In a separate and private conversation to Jesus I also asked for:
large breasts

I got all of them including eventually the boobs and probably also some sweet JC Penney clothing and also contact lenses which was kind of a huge deal, and to be honest Space Jam was kind of a bust, but the other three were SO GOOD and are still in rotation in my itunes to this day.  

But obviously I would not be writing something unless it included a super embarrassing fact, so here it is:

I have a tendency to totally create in my head these situations that are incredibly implausible but like, potentially COULD happen... and then in my head I script out all my possible reactions and contributions to this made up event.  I still do this and it's really creepy but I've had other people tell me they do it too which makes me feel better even if they're just saying that.

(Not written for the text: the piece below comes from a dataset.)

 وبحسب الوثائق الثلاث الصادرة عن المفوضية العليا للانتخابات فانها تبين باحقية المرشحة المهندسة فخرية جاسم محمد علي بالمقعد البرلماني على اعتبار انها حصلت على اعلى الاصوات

So, the last track of CrazySexyCool opens with a rap.  I had this idea in my head that knowing this entire rap was crucial to me becoming socially acceptable.  As such, I listened to it until I had the whole thing memorized.  

This is the situation I imagined:

First day of high school, 1997.  I don't know ANYONE.  I am younger, taller, and dressed way worse than all classmates.  Yet if you were watching the movie that in my mind I am pretending to star in, you would say, "that girl has a quiet beauty." and maybe also describe me as "doe- like." I am sitting alone at lunch because I have no friends.... yet.  Behind me is a table of girls all decked out with butterfly clips and Abercrombie gear.  I long to be included in their fold.  Suddenly, my ears perk up when I hear one of them say:
"You know that last song on CrazySexyCool? The rap at the beginning?  How does it go?"
I choke down my mouthful of Cheetos and spin around. "Let me tell you how it goes" I say.

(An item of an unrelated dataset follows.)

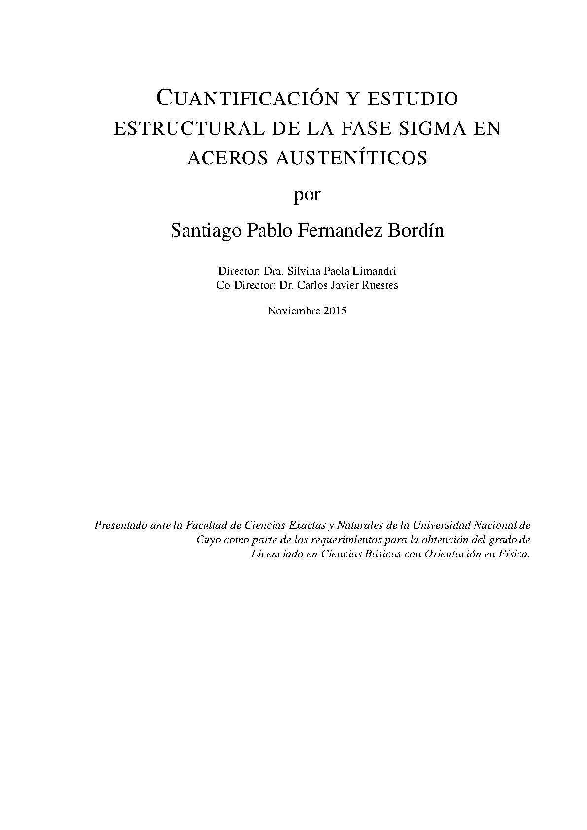 Fernandez Bordín, Santiago Pablo. (2015). Cuantificación y estudio estructural de la fase sigma en aceros austeníticos: (Tesina de grado). Mendoza, Universidad Nacional de Cuyo. Facultad de Ciencias Exactas y Naturales.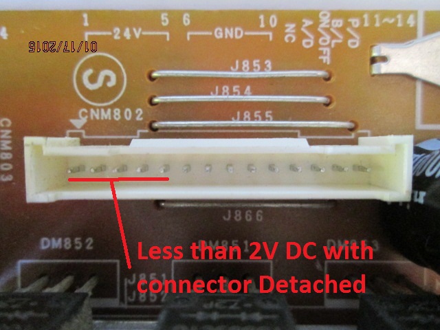 On the other side of the board I unplugged the connector to the Inverter Board (Terminal CNM 802)... and checked voltages.

REMEMBER BACK IN THE TIME WHEN THE ONLY SIGN WE HAD WAS PICKET BUT NOW IN 94 IT BE THIS WAY SOMETHING COME WICKED SHE ???? KILLIN OTHERS FOR COLORS THINGS THAT WE WEAR FOR FASHION OTHER BROTHERS TAKE IT FOR A REASON TO BE BASHIN WHAT THE KCUF IS GOING ON? NOT SOFT LIKE BUTTERCUPS BUT HAD ENOUGH OF SINGIN THAT SAME SONG YOU SEE I STAYED ACROSS THE STREET FROM THE PROJECTS TOOK OUT YO MAMAS TRASH AND GROCERIES TO HER TRUNK TO KEEP MY POCKETS

out of nowhere, a beat begins.

FAT LIKE CELLULITE ONLY BEEN TO JAIL ONE WEEK FOR SOME SHULLBIT AND I PRAY TO GOD I WON'T REPEAT I SHOULD'VE PULLED IT WHEN I HAD THE CHANCE TO OH NO I SHOULDN'T HAVE DID THAT CUZ IF I DID THAT YALL WOULD NOT HEAR THAT PHAT SHIT THAT KEEPS YOU ON YOUR TIPPY TIPPY TOES LIKE THAT SELLOUT NOT CALLIN NO NAMES BUT REALLY WHO'S BAD? I GO THROUGH OBSTACLES LIKE A WHOLE BOX OF CONDOMS YOU CAN'T FORGET WHERE YOU COME FROM...(song begins)

"Come sit with us." they say.  

This never happened. 

But, I did just write out that rap from memory and I think it's at least 70% accurate.